Frisch and McArthur stated that for the inception of normal cyclical ovarian activity, a crucial and definitive weight or body fat content is an undisputable prerequisite.[44] From this, we can infer that the late onset of menstruation in case of EAT-26 high scorers is due to their low body weight owing to caloric restriction and low or nil consumption of fat rich food. Similarly, early onset of menstruation in BES high scorers is because of their obese nature as a result of high calorie and fat diet consumption during their binging episodes.
While evaluating the degree of awareness of ED among the participants, we arrived at an alarming discovery that a very small percentage of them had a vague idea of the concept of ED and fewer still knew about the general indicators of the disorders. Although a significant proportion of students in our investigation exhibited symptoms of eating distress, it appeared as if ED were seemingly unheard of, among the students of Mysore.
CONCLUSION
Many studies on the prevalence of ED have been conducted in different countries thus far. Yet, Indian studies are very limited in number or incomplete due to the lack of a benchmark diagnostic technique for psychiatrists to be employed on the Indian population for the detection of ED. To the best of our knowledge, our study is the first, pilot investigation in the state of Karnataka. As a concluding remark, we can say that this investigation confirmed the definite existence of eating distress and in many ways hinted at the silent presence of ED in the student population of Mysore.

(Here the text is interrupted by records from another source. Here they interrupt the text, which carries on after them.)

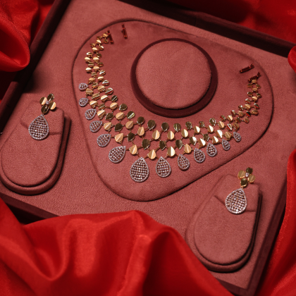Grace meets glamour in this Diamond Teardrop Dual-Tone Necklace Set by Santosh Jewellers. Designed with alternating teardrop motifs in radiant gold and shimmering silver tones, this masterpiece strikes the perfect balance between tradition and modernity.
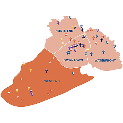 If people tell you the West End is up and coming, we have to beg to differ—this neighborhood is already there. Featuring Portsmouth’s only downtown supermarket and more than a handful of excellent places to nosh – plus three breweries at last count—what more could you ask for? How about a place to smash objects, splash paint, and hatch an escape plan? Yep. Some might say: The West End is the Best End.
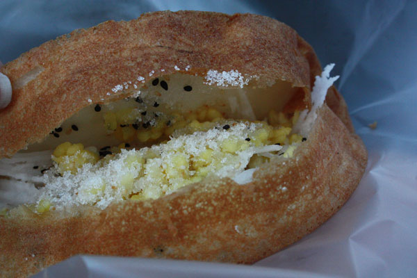 We had a similar dessert in the Patong Beach night market. Khanom Tang Taek. A crepe which was a bit thicker and chewier (but still very light and airy) which was made in a shaping iron instead of just lain flat on a pan. This cake was flipped over to form a taco pocket which was filled with shredded coconut, bits of dry egg, sugar and a few sesame seeds which gave it a slight nutty, oily flavor. Not as delicious (I missed the egg white fluff) and a bit too chewy because of the shredded coconut but not bad at all.
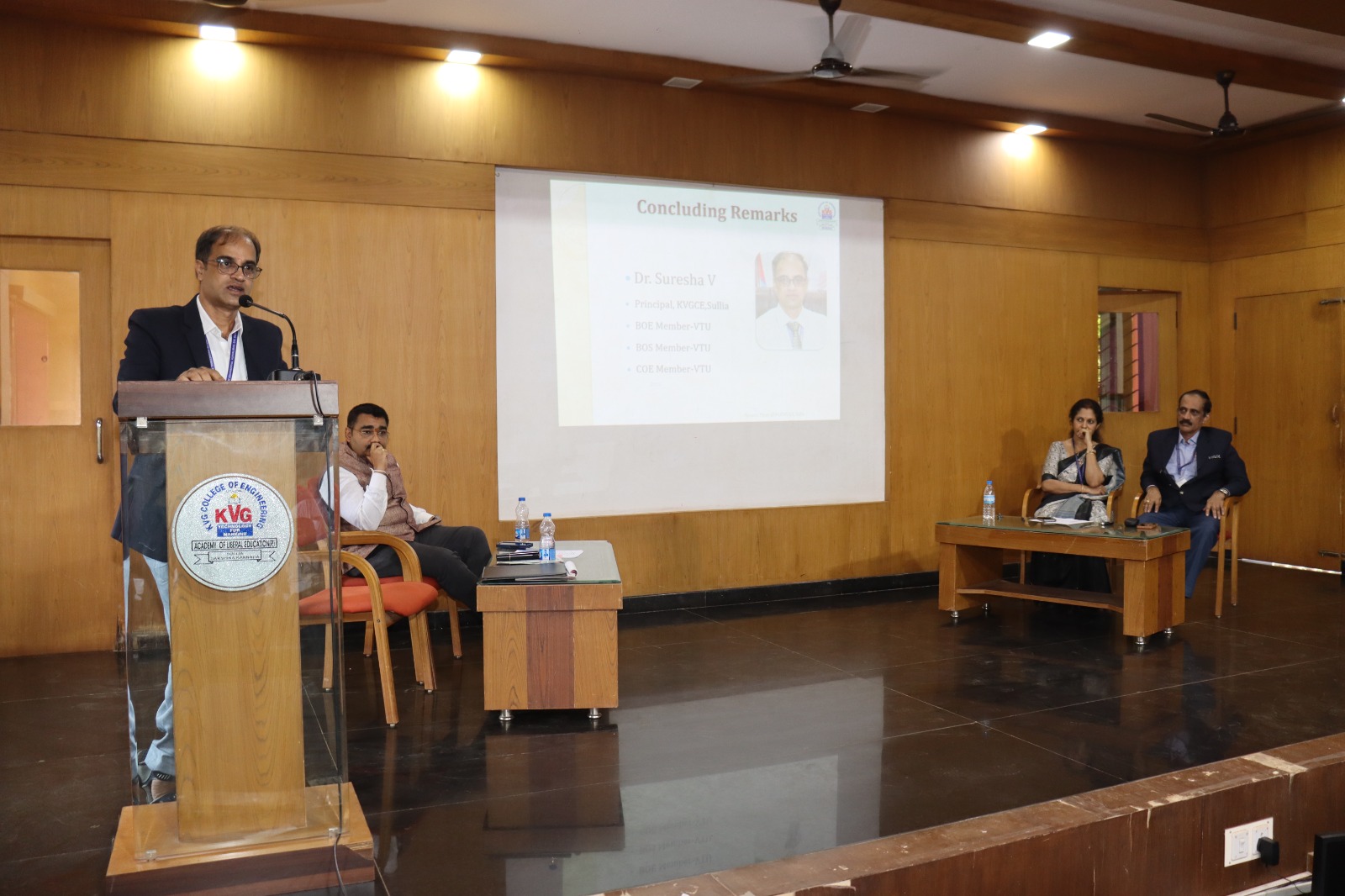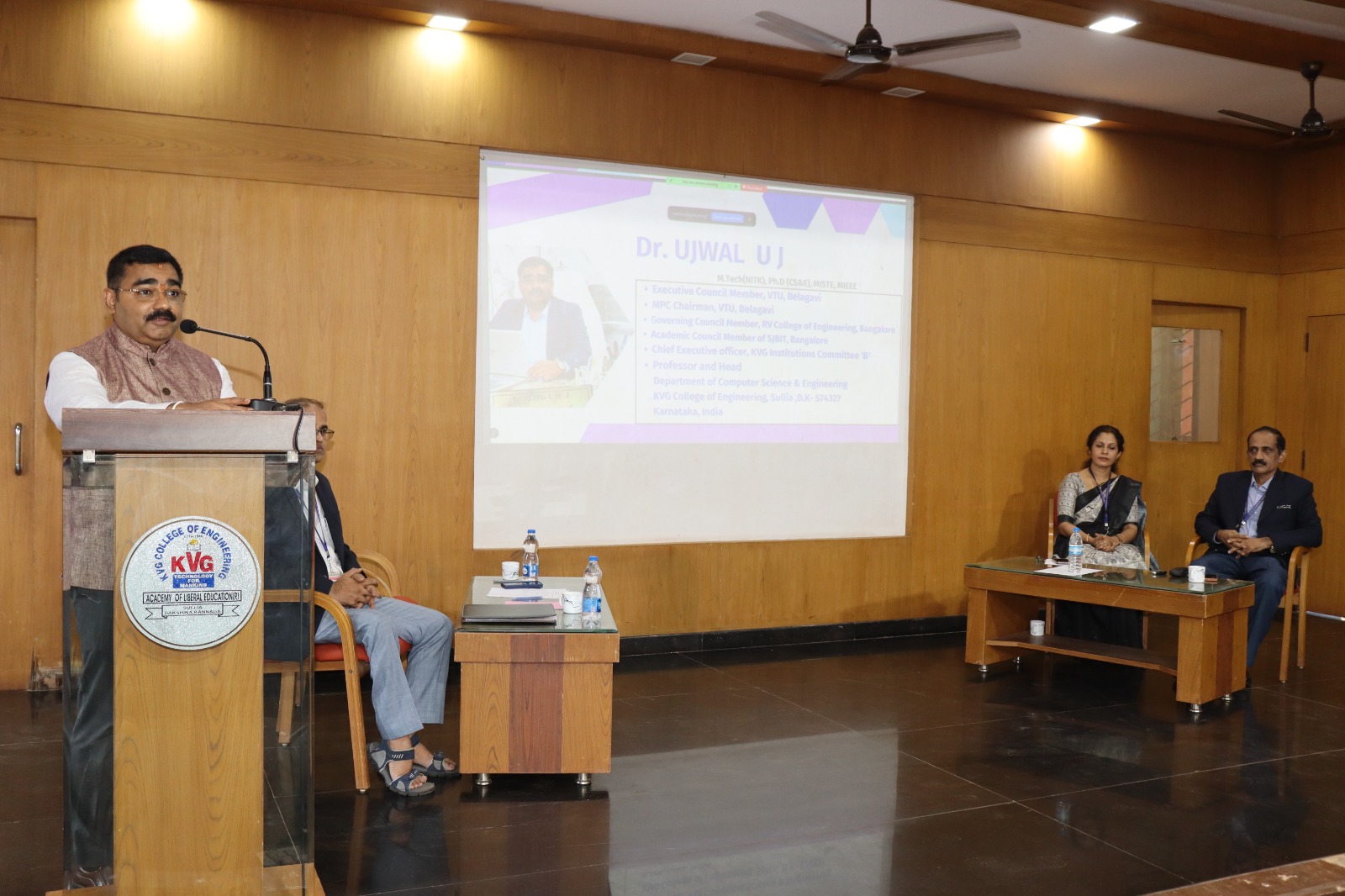 ಡಾ. ಉಜ್ವಲ್ ಯು.ಜೆ (ಮುಖ್ಯ ಕಾರ್ಯನಿರ್ವಹಣಾಧಿಕಾರಿ): ತಮ್ಮ ಭಾಷಣದಲ್ಲಿ ವಿಶ್ವೇಶ್ವರಯ್ಯ ತಾಂತ್ರಿಕ ವಿಶ್ವವಿದ್ಯಾಲಯ (VTU) ವಿದ್ಯಾರ್ಥಿಗಳಿಗೆ ನೀಡುವ ಅನೇಕ ಅವಕಾಶಗಳು ಹಾಗೂ ಕೆ.ವಿ.ಜಿ. ಇಂಜಿನಿಯರಿಂಗ್ ಕಾಲೇಜಿನಲ್ಲಿ ಎಲ್ಲಾ ಸಂಪನ್ಮೂಲಗಳ ಮೂಲಕ ವಿದ್ಯಾರ್ಥಿಗಳನ್ನು ಬೆಳೆಸುವಲ್ಲಿ ಮಾಡುತ್ತಿರುವ ಶ್ರಮವನ್ನು ವಿವರಿಸಿದರು.
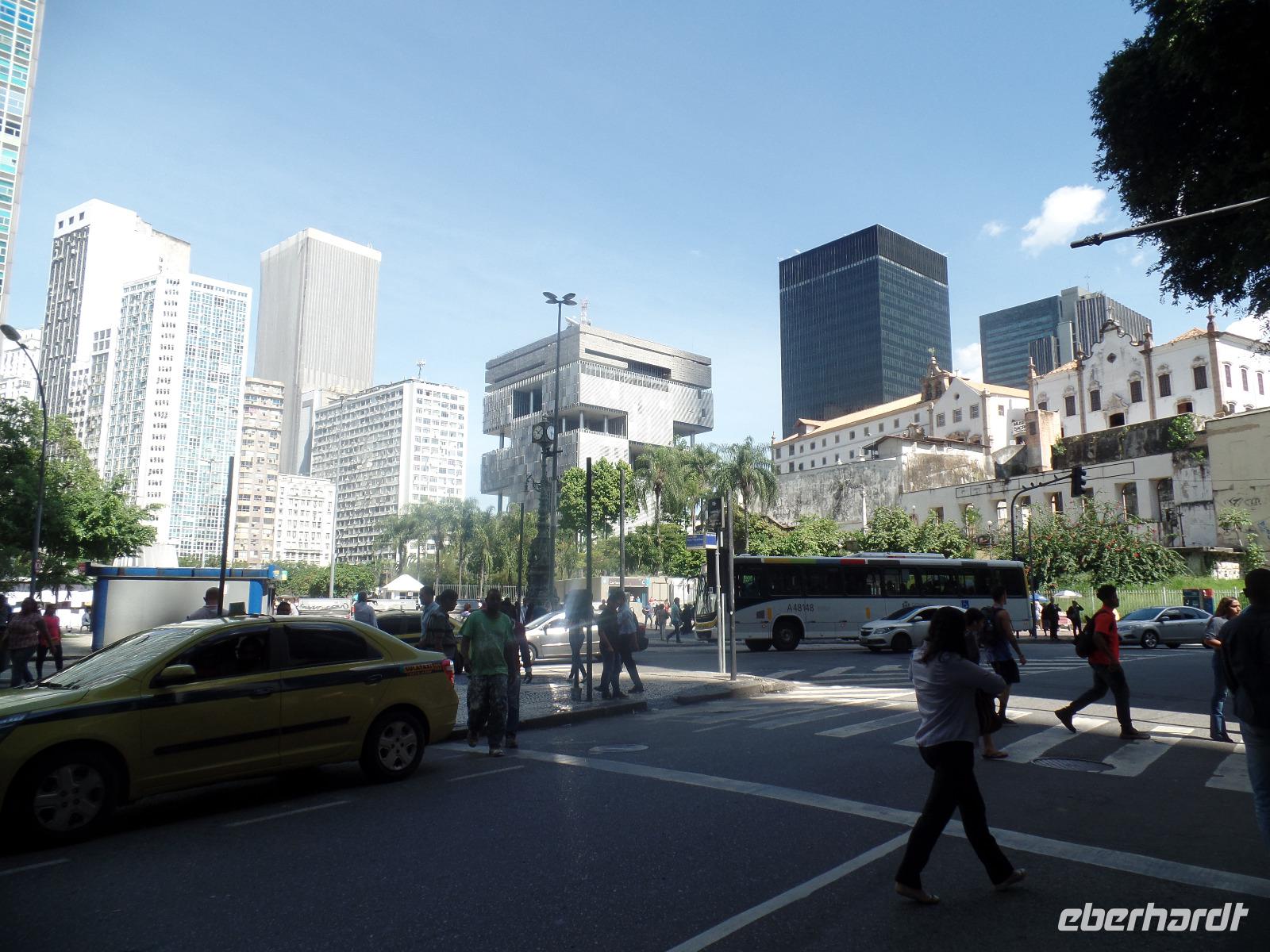 Anschließend bei einem geführten Spaziergang durch die Altstadt von Rio sehen wir koloniale Häuserfassaden, imposante öffentliche Gebäude und traditionelle Geschäfte. Wir unternahmen gemeinsam einen geführten Spaziergang durch die Altstadt. Unser Busfahrer fuhr uns ins historische Zentrum, wo wir -wie gesagt- viele koloniale Häuserfassaden, imposante öffentliche Gebäude und traditionelle Geschäfte sahen. Die Stadt war voll mit Leuten, die hin und her gingen. Was für eine lebendige Stadt! Und architektonisch waren viele verschiedene Stile im selben Bild zusammengefasst: Alte Häuser und Hochhäuser, sowie Kirchen, die in den gläsernen Fenstern des Hochhauses reflektiert wurden. Herrlich!

Financial support and sponsorship
Nil.
Conflicts of interest
There are no conflicts of interest.
Acknowledgment
The authors would like to thank the research staff of Molecular Reproductive and Human Genetics Laboratory, Department of Studies in Zoology, University of Mysore for their guidance and technical support. We would also like to thank our team members Divyashree DS, Harshitha MP, Katyayini Aralikatti, Sowmya BN and Swathi UM for their contributions toward data collection.